3.2 Missing data options
When examining the data, you will often find there are variables with missing values. Standard regression analysis algorithms require all values to be non-missing, so the default option of regression software, when faced with data that contain missing outcome and/or predictor values, is to remove any case that has any missing values, resulting in what is called a complete case analysis. A more rigorous approach is to use the method of multiple imputation to randomly fill in missing values. Complete case analysis is easier, but “easier” does not mean “better”. For the purpose of learning regression methods it does, however, make sense to stick to the easier missing data method first and then later, after becoming familiar with regression, learn the more rigorous method.
3.2.1 Complete case analysis
A complete case analysis is one in which all cases with missing data on any variable are removed from the analysis. In R, complete case analysis is the default when using a regression function – that is, R automatically removes cases with any missing data before fitting the regression model. However, if you want to first describe the data used in a complete case analysis, you need to explicitly remove the cases with missing values yourself in order to compute descriptive statistics that are based on the same sample as your regression analysis.
If you instead use a dataset that contains missing values to compute descriptive statistics for each variable, the results for a specific variable will be based on all available cases with non-missing values for that variable regardless of whether any other variables have missing values for those cases. Thus, descriptive statistics for different variables might be based on different subsets of cases. To ensure that the descriptive statistics for all variables are based on the same sample as each other, and the same sample as will be used when fitting the regression model, remove cases that have missing data for any variable in the analysis.
Example 3.1 (continued): For the same data and variables summarized previously, the following code demonstrates two methods for creating a complete case analysis dataset. Both methods result in the correct cases, but the first retains all the variables in the dataset, including those not being used in the analysis. The second method only retains the analysis variables.
# Remove cases with missing data and keep all variables
SUB <- complete.cases(nhanes[, c("sbp", "RIDAGEYR", "RIAGENDR", "income")])
complete.dat <- subset(nhanes, subset = SUB)

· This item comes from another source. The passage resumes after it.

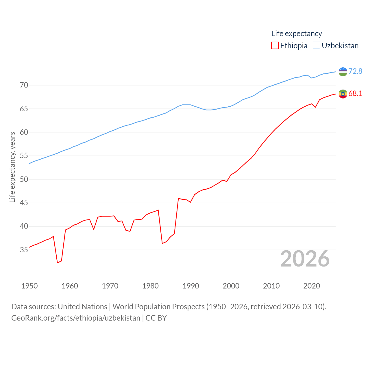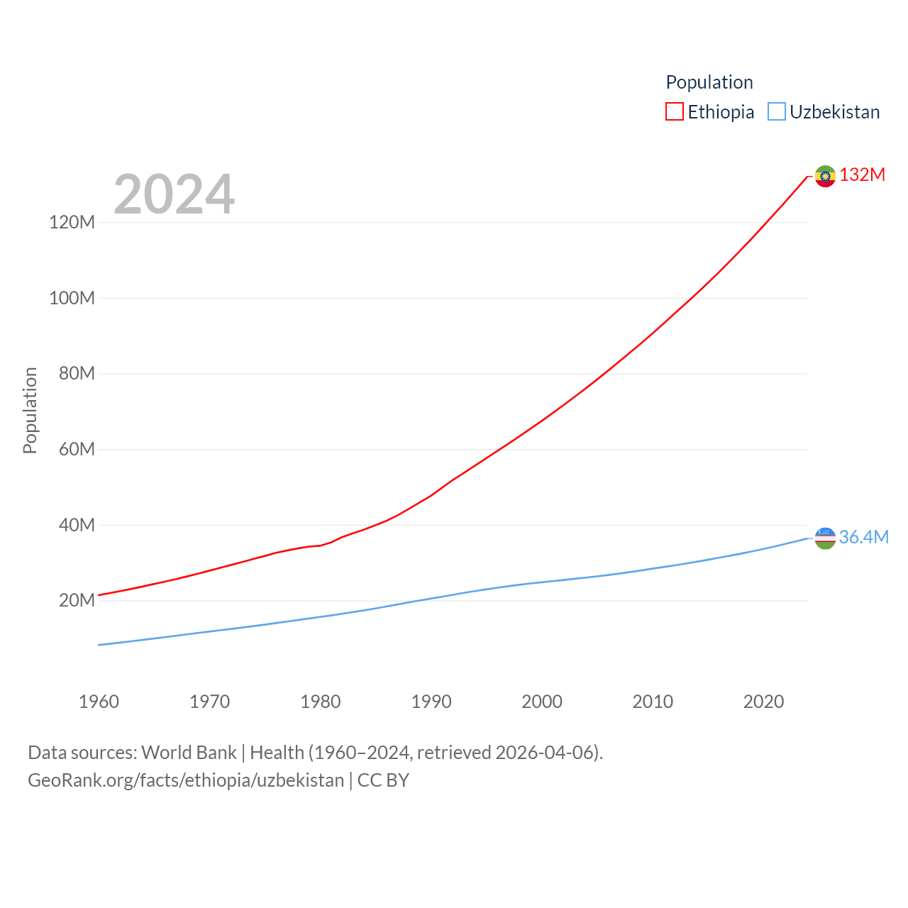 Ethiopia has a population of 132M (ranked 10/197), compared with 36.4M in Uzbekistan (ranked 43/197). Ethiopia's land area is 435,716 sq mi versus 170,136 sq mi for Uzbekistan (ranked 25th vs. 56th).

# Number of cases and variables in the original dataset
dim(nhanes)
## [1] 1000 85
## [1] 855 85
# Alternative that does the same thing
complete.dat <- nhanes %>%
drop_na(sbp, RIDAGEYR, RIAGENDR, income)
# Number of cases and variables in the complete case dataset
dim(complete.dat)
## [1] 855 85
# Remove cases with missing data and only keep variables of interest
complete.dat <- nhanes %>%
select(sbp, RIDAGEYR, RIAGENDR, income) %>%
drop_na()
# Number of cases and variables in the complete case dataset
dim(complete.dat)
## [1] 855 4
## sbp RIDAGEYR RIAGENDR income
## Min. : 89 Min. :20.0 Male :425 <$25,000 :148
## 1st Qu.:111 1st Qu.:32.0 Female:430 $25,000 to <$55,000:248
## Median :121 Median :48.0 $55,000+ :459
## Mean :124 Mean :48.1
## 3rd Qu.:134 3rd Qu.:62.0
## Max. :234 Max. :80.0
3.2.2 Multiple imputation
Multiple imputation (MI) of missing data is a method of filling in missing values based on the observed associations between the analysis variables. The filling in (imputation) is done randomly and multiple times to avoid pretending the missing values are known with certainty. Following MI, fit the regression model multiple times, once using each imputed dataset, and combine the results according to certain mathematical rules (Rubin 1987).
In the example we have been using, the original dataset has 1000 cases, of which only 855 have complete data on all the variables of interest. A complete case analysis uses just those 855 cases. An MI analysis, however, uses all 1000 cases. However, due to the missing data, we do not actually have a sample size of 1000 complete cases. The mathematical rules used to combine the results appropriately account for the fact that we have more information than just the 855 complete cases, but less information than a dataset with 1000 complete cases. Multiple imputation will be discussed in more detail in Chapter 9.